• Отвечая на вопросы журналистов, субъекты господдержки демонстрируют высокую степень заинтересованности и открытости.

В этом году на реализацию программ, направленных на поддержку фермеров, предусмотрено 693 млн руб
=-=-=
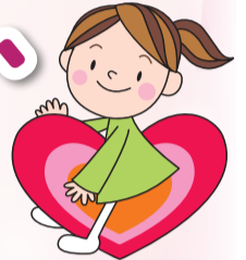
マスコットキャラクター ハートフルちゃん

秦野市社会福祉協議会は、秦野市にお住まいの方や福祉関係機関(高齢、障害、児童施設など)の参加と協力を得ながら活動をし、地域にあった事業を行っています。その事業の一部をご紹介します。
=-=-=
> **Problem to solve**: Reproduce exactly the lines of the records above from the one with "заинтересованности и открытости." to the one with "В этом году", both included, and leave out everything else.

> **Exercise response**:
• Отвечая на вопросы журналистов, субъекты господдержки демонстрируют высокую степень заинтересованности и открытости.

В этом году на реализацию программ, направленных на поддержку фермеров, предусмотрено 693 млн руб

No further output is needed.